(Dataset excerpts)
* * * *

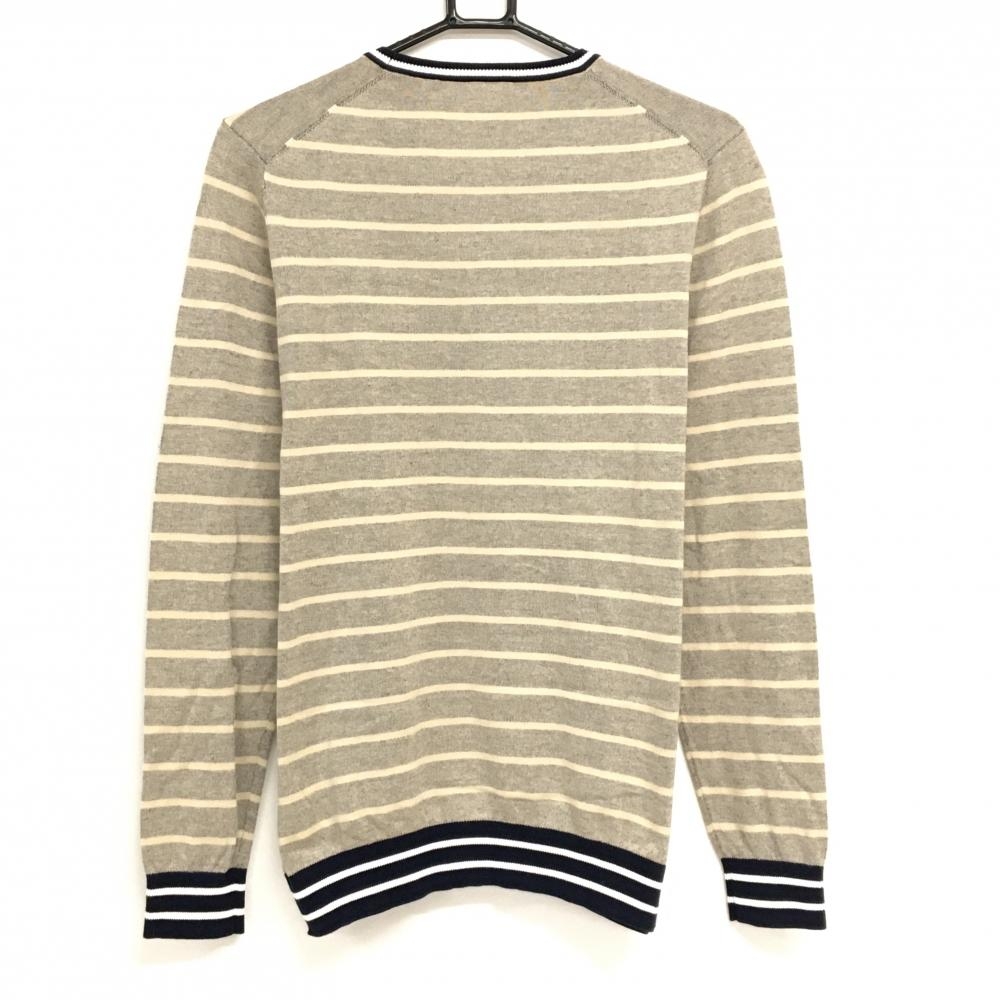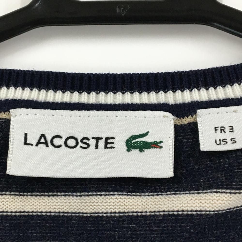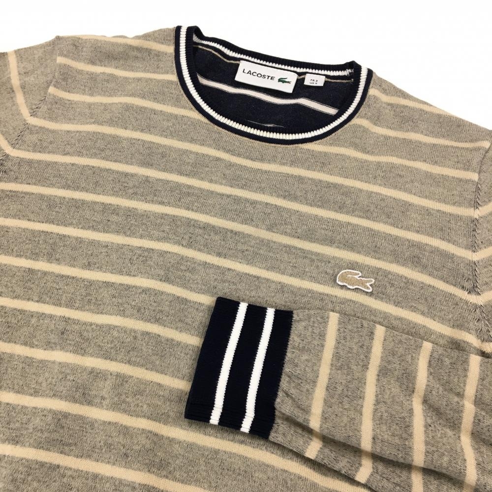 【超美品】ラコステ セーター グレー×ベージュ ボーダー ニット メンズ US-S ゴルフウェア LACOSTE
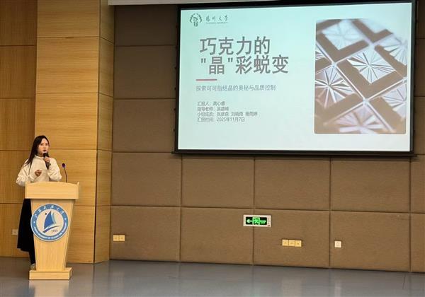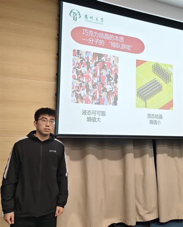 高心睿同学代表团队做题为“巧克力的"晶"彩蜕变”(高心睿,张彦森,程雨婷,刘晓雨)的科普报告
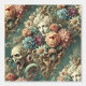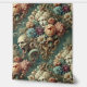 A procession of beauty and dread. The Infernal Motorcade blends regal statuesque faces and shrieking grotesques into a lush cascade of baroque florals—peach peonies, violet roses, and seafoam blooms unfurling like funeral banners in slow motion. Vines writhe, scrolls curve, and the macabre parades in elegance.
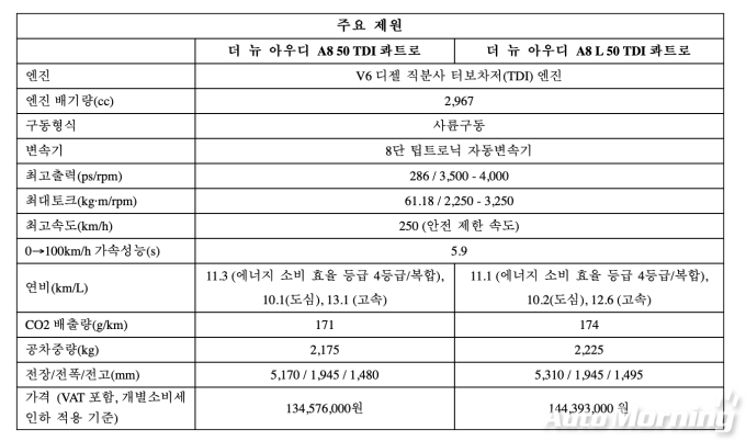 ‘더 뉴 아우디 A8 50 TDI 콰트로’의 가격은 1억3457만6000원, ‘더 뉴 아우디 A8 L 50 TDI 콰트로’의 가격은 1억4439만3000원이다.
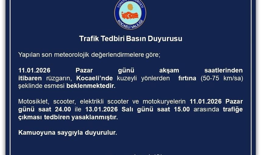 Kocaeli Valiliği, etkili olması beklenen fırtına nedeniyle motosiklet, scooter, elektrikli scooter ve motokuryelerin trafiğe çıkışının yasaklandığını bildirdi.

* * * *

> _What you are asked to do_: All of the records should be output exactly as they stand, with pictures omitted.

> _Your response_:
 【超美品】ラコステ セーター グレー×ベージュ ボーダー ニット メンズ US-S ゴルフウェア LACOSTE
 高心睿同学代表团队做题为“巧克力的"晶"彩蜕变”(高心睿,张彦森,程雨婷,刘晓雨)的科普报告
 A procession of beauty and dread. The Infernal Motorcade blends regal statuesque faces and shrieking grotesques into a lush cascade of baroque florals—peach peonies, violet roses, and seafoam blooms unfurling like funeral banners in slow motion. Vines writhe, scrolls curve, and the macabre parades in elegance.
 ‘더 뉴 아우디 A8 50 TDI 콰트로’의 가격은 1억3457만6000원, ‘더 뉴 아우디 A8 L 50 TDI 콰트로’의 가격은 1억4439만3000원이다.
 Kocaeli Valiliği, etkili olması beklenen fırtına nedeniyle motosiklet, scooter, elektrikli scooter ve motokuryelerin trafiğe çıkışının yasaklandığını bildirdi.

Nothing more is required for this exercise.